TASK TO COMPLETE:
Restate, word for word and with no pictures, the stretch of lines in the data below that begins at the line with "입술이 닿자마자, 익숙하고" and ends at the line with "Ausklingen ließen wir", inclusive.

DATASET RECORDS:
[Start of section]

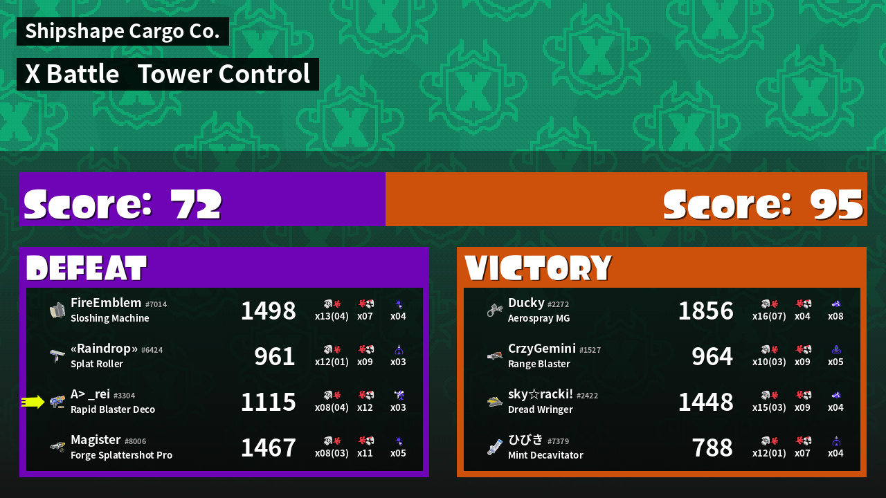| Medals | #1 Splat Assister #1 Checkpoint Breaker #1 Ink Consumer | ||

[End of section]
[Start of section]

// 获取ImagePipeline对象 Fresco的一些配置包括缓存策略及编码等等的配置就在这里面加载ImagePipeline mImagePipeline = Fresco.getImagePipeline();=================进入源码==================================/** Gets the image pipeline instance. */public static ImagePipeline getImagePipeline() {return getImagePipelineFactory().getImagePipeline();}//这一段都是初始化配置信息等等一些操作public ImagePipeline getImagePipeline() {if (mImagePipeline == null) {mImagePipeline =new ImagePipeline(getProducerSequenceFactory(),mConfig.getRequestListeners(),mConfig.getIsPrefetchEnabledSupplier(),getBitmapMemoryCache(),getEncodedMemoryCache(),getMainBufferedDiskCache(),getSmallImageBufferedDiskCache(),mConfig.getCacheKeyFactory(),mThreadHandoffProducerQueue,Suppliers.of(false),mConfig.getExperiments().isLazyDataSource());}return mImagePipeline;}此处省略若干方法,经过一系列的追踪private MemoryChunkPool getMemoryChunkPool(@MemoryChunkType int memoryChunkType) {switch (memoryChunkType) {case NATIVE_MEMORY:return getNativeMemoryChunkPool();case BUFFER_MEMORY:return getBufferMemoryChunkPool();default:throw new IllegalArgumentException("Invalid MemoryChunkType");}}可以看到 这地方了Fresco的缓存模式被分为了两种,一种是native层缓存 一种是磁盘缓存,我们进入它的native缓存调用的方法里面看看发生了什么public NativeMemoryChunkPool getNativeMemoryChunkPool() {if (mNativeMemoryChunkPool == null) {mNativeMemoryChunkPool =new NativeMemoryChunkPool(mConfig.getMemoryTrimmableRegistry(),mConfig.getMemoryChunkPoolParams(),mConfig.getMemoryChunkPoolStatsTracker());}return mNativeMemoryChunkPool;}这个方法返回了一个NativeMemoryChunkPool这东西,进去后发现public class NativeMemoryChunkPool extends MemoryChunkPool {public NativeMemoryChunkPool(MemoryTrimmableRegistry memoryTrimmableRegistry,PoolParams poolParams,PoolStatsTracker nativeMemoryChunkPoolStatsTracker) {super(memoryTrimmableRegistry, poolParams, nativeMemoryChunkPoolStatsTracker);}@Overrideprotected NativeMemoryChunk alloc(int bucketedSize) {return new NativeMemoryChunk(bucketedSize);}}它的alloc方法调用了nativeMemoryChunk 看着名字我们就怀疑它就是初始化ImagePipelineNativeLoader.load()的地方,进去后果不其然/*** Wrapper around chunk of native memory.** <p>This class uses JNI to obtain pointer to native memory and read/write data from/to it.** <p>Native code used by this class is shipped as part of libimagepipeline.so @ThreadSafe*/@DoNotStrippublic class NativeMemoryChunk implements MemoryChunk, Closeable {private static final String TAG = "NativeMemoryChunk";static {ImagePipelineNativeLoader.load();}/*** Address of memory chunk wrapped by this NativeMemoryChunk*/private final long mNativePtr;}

[End of section]
[Start of section]

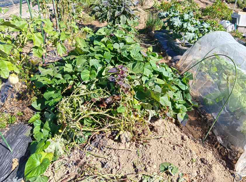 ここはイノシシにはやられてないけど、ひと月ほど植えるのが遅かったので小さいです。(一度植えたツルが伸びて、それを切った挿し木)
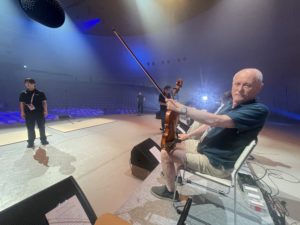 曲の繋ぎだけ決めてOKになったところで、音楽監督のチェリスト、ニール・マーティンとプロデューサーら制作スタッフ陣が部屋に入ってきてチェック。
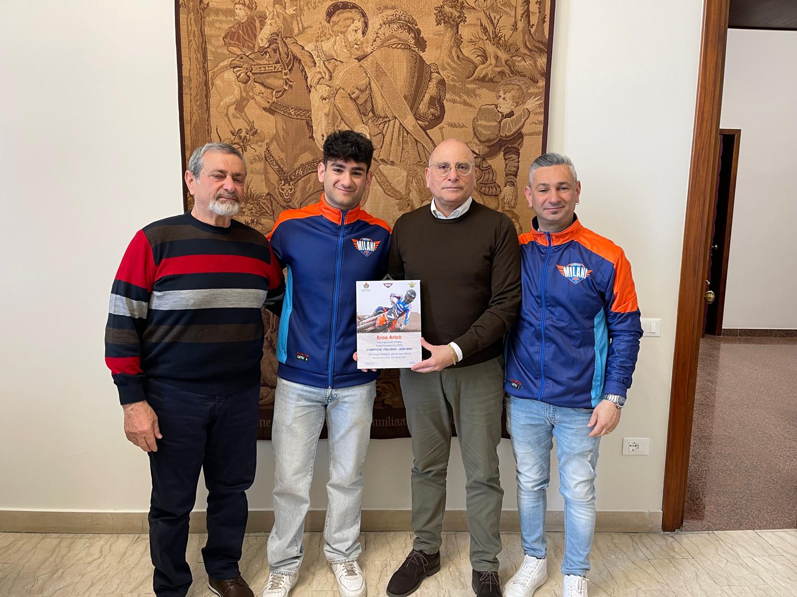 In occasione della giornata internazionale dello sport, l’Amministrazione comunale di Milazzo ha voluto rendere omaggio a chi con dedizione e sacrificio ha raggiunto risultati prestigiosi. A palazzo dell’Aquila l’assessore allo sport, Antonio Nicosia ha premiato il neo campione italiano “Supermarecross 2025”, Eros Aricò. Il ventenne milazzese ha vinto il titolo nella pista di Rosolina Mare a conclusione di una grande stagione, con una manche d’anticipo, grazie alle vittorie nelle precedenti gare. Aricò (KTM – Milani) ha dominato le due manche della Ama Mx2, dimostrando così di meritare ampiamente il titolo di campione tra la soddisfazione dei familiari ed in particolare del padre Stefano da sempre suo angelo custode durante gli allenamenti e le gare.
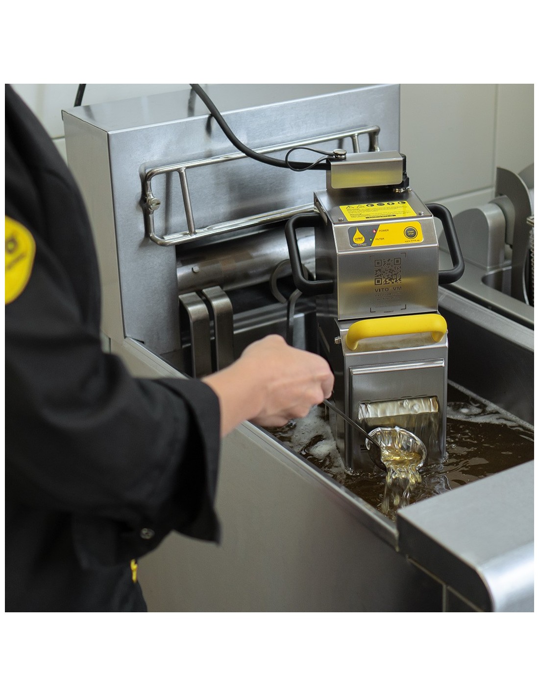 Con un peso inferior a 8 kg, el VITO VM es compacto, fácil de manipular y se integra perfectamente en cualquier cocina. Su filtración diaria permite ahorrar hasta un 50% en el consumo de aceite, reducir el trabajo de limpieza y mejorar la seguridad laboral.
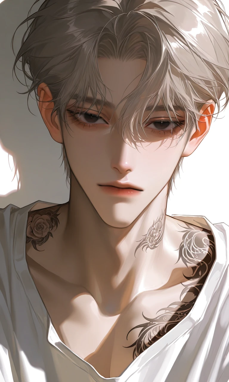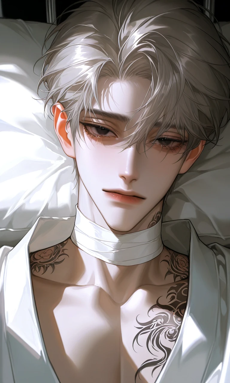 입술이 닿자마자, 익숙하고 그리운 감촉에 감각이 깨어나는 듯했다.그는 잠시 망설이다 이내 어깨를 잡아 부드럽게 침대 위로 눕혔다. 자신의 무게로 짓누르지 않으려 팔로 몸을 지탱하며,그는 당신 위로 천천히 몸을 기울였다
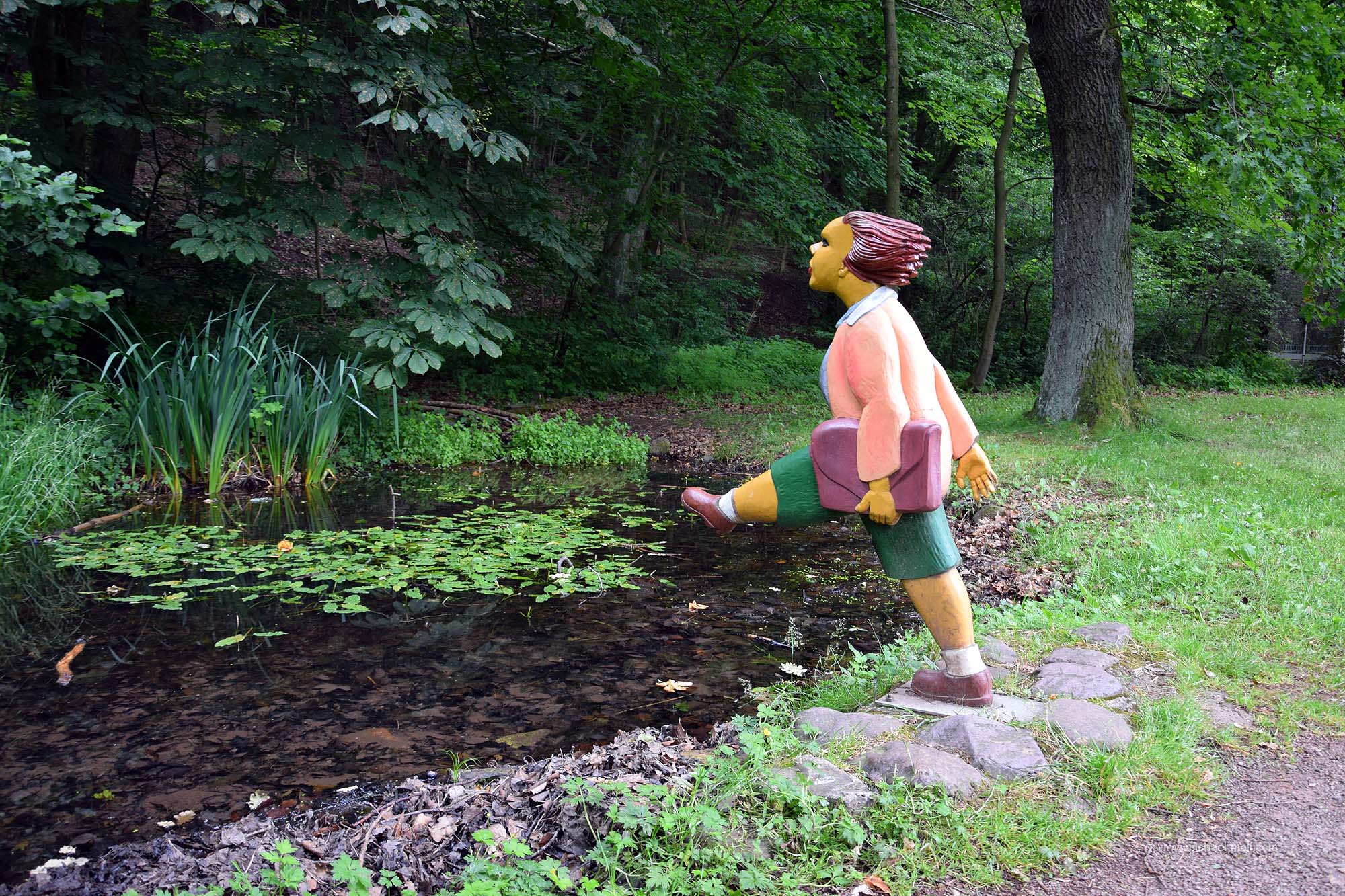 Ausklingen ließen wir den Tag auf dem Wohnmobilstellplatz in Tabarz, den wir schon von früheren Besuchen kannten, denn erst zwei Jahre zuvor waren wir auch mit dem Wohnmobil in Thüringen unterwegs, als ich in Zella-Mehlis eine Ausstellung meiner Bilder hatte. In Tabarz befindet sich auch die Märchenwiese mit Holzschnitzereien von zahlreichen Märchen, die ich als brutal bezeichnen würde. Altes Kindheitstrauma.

[End of section]

RESULT OF THE TASK:
 입술이 닿자마자, 익숙하고 그리운 감촉에 감각이 깨어나는 듯했다.그는 잠시 망설이다 이내 어깨를 잡아 부드럽게 침대 위로 눕혔다. 자신의 무게로 짓누르지 않으려 팔로 몸을 지탱하며,그는 당신 위로 천천히 몸을 기울였다
 Ausklingen ließen wir den Tag auf dem Wohnmobilstellplatz in Tabarz, den wir schon von früheren Besuchen kannten, denn erst zwei Jahre zuvor waren wir auch mit dem Wohnmobil in Thüringen unterwegs, als ich in Zella-Mehlis eine Ausstellung meiner Bilder hatte. In Tabarz befindet sich auch die Märchenwiese mit Holzschnitzereien von zahlreichen Märchen, die ich als brutal bezeichnen würde. Altes Kindheitstrauma.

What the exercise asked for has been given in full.